OCCUPATIONAL HEALTH DISPARITIES
The mission of the occupational health disparities program is to:
- Improve surveillance of vulnerable populations;
- Identify research methods, intervention approaches, and dissemination tools to better reach these populations.
Improving these tools and tailoring them to the unique characteristics of vulnerable and hard to reach populations allow occupational health researchers and practitioners to better identify health disparities and work towards their elimination.
Health disparities (HD) may be defined as differences in disease incidence, mental illness, or morbidity and mortality that exist among specific populations. The elimination of health disparities is a major goal of healthcare agencies and researchers and was one of two overriding goals for the Department of Health and Human Services Healthy People 2010 objectives.
One of the central features of the contemporary U.S. workforce is that it is increasingly diverse, reflecting the changing demographic characteristics of the country. Health disparities, including those resulting from work exposures, exist across racial and ethnic populations.
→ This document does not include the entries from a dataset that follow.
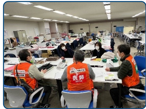
金沢市保健所で所長、 保健師と情報共有を行う

このたび山口県医師会の派遣要請を受けて「JMAT やまぐち」として石川県で医療支援活動を行って来ました。「JMAT やまぐち」が与えられた活動内容は能登半島の1次避難所から金沢市以南のホテルや宿泊施設、約250カ所の2次避難所へ避難されてきたおよそ5200人の方たちの健康状態を把握するべく、その中から金沢市内の31施設を割り当てられ施設をまわり、必要があれば診察、処方、健康相談を行うものでした。しかしながら、ビジネスホテルなど一つ一つ訪ねる訳にもいきません。そこで、金沢市内の保健師と情報を共有、共働することが大事と考え、金沢市の保健所へ赴き情報を共有し、それを基に施設を訪ねホテルのロビーやお部屋の中で、出来る限りの診察や健康相談を行いました。能登の方たちはとても忍耐強く、話を聞いて初めて「実は、足が腫れてきて…」とか、「実は、咳が止まらなくて…」など体のつらさを教えてくれました、話を聞くという行為の大切さを感じました。
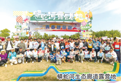
蟒蛇河生态廊道露营地
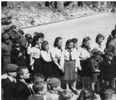
Uroczystości z udziałem młodzieży reprezentującej różne organizacje (ZHP, ZMP?, wojsko?), 1947.

W pierwszej połowie 1950 r. eliminowano emblematy organizacyjne i tradycyjne formy pracy. Z mundurów harcerskich zniknęły krzyże i lilijki, a w ich miejsce pojawiły się odznaki wzorowane na znaczku ZMP.
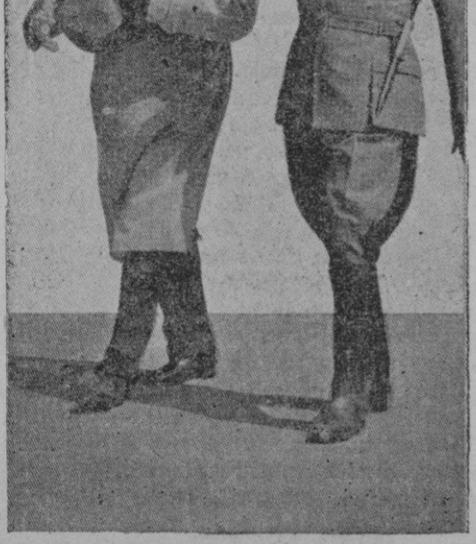
EL FUHRER Y EL DUCE. LOS DOS HOMBRES REPRESENTATIVOS DE DOS GRANDES PUEBLOS, CUYOS DISCURSOS DE ESTOS DIAS HAN CONMOVIDO AL MUNDO

Vino un momento en que era absolutamente precisa una solución, porque amenazaba acabar el conflicto en forma repetitiva. Entonces fué cuando Inglaterra y Francia se dirigieron a Checoslovaquia con la única reivindicación posible, es decir, la entrega de los territorios alemanes al Reich. Hoy no sabemos exactamente lo que Benes ha dicho durante aquellas entrevistas, pero lo cierto es que ha reafirmado el terror. Los checos asolan en estos momentos regiones enteras como si venden fuego a ciudades y pueblos y tratan de establecer el pánico en todos los distritos de población alemana.
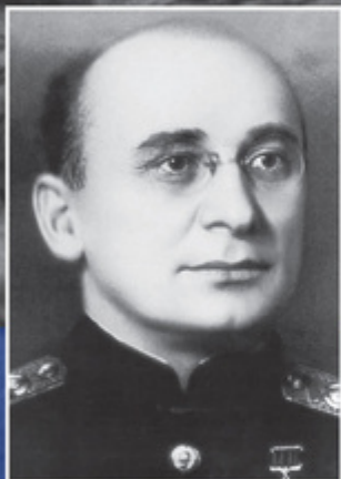
Szef NKWD Ławrientij Beria

Od 1939 r. Beria był Ludowym Komisarzem Spraw Wewnętrznych ZSRR. 19 września tego roku powołał Zarząd do Spraw Jeńców Wojennych i Internowanych przy NKWD oraz nakazał utworzenie sieci obozów. Jako szef NKWD Beria nadzorował sowieckie wywiady kontrwywiad, był odpowiedzialny za pracę Gulagu – sieci sowieckich obozów pracy przymusowej, a także za represje wobec setek tysięcy obywateli polskich, zamieszkujących w latach 1939–1941 tereny Rzeczypospolitej włączone do Związku Sowieckiego.

These disparities arise both from overrepresentation of racial and ethnic minority workers in the most hazardous industries and from the incomplete penetration of occupational health and safety interventions to certain worker populations due to barriers created by social, cultural, and economic issues including language, literacy, and marginal economic status.
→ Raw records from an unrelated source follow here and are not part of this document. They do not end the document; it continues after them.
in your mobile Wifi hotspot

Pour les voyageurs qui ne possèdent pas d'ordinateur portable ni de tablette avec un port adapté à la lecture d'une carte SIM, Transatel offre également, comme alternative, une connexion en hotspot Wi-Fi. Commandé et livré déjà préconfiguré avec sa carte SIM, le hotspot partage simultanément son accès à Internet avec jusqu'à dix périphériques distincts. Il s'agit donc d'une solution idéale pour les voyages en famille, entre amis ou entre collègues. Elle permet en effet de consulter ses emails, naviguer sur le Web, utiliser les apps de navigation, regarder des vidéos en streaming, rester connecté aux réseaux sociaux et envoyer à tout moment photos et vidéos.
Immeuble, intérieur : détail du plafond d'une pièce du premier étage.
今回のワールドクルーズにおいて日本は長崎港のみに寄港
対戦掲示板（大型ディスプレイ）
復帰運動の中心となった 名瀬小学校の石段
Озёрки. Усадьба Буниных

Disparities are most apparent and closely associated among populations with varying levels of socioeconomic status (SES). Significant evidence has demonstrated that a gradient exists between SES and health status, with individuals of higher SES having better overall health than those of lower SES. The most striking health discrepancies result in differences in life expectancy, as well as different rates of most cancers, certain birth defects, infant mortality, asthma, diabetes, behavioral and affective disorders, and cardiovascular disease. While access to healthcare may be an important variable that interacts with SES to influence health disparities, studies indicate that in industrialized nations having equal access to quality healthcare, an SES gradient still exists in all-cause morbidity and mortality. Countries that have universal healthcare systems, e.g., the United Kingdom and Scandinavia, still demonstrate SES-related health disparities. In fact, a landmark study conducted with British civil servants as subjects ostensibly demonstrated a health outcome gradient in four income groups. Although all workers had access to the same high quality healthcare, each group had progressively more positive health outcomes with increasing income level and job status. What is noteworthy about this gradient is that it exists across middle and upper income brackets of the British civil servant occupation force in addition to the lower income groups. These groups, although more affluent than lower SES groups, had worse health outcomes than the group in the highest SES category.1
Health disparities are also found between different racial and ethnic populations. They are likely related to differences in SES but also may result from other factors such as discrimination. For example, African-American, Hispanic, and immigrant workers are disproportionately employed in some of the most dangerous occupations. African-American males are twice as likely as non-Hispanic white males to work in service occupations and as laborers, fabricators, and operators, yet are half as likely to be in managerial or professional specialty occupations. The result is that the African-American injury rate is about a third higher for both African-American males and females compared to white non-Hispanic workers. In addition to the disproportionate employment of African Americans in dangerous and low wage jobs, within individual workplaces African-American workers may also experience the additional stress caused by a discriminatory and racist work climate. Although few studies have systematically studied the nature and magnitude of racism in the workplace, a recent poll by the National Urban League found that 39% of African Americans felt that race and gender discrimination is widely accepted at their workplace.2
While the pathways through which SES and race/ethnicity influence health are complex and still not completely understood, one pathway receiving increased attention is the nature of work itself and how it can lead to social inequalities in safety and health. For example, research has found that low-income jobs are overrepresented in occupations such as service and sales workers, handlers/cleaners/helpers/laborers, machine operators/assemblers, and administrative support. Not only do these occupations potentially expose workers to chemical and physical hazards, but the job content may affect worker safety and health, through mechanisms such as low levels of autonomy, moderately high levels of physical demands, low skill levels, and limited interpersonal contacts.3
- Marmot MG, Shipley MJ, Rose G. Inequalities in death—specific explanations of a general pattern? Lancet. 1984 May 5;1(8384):1003-6.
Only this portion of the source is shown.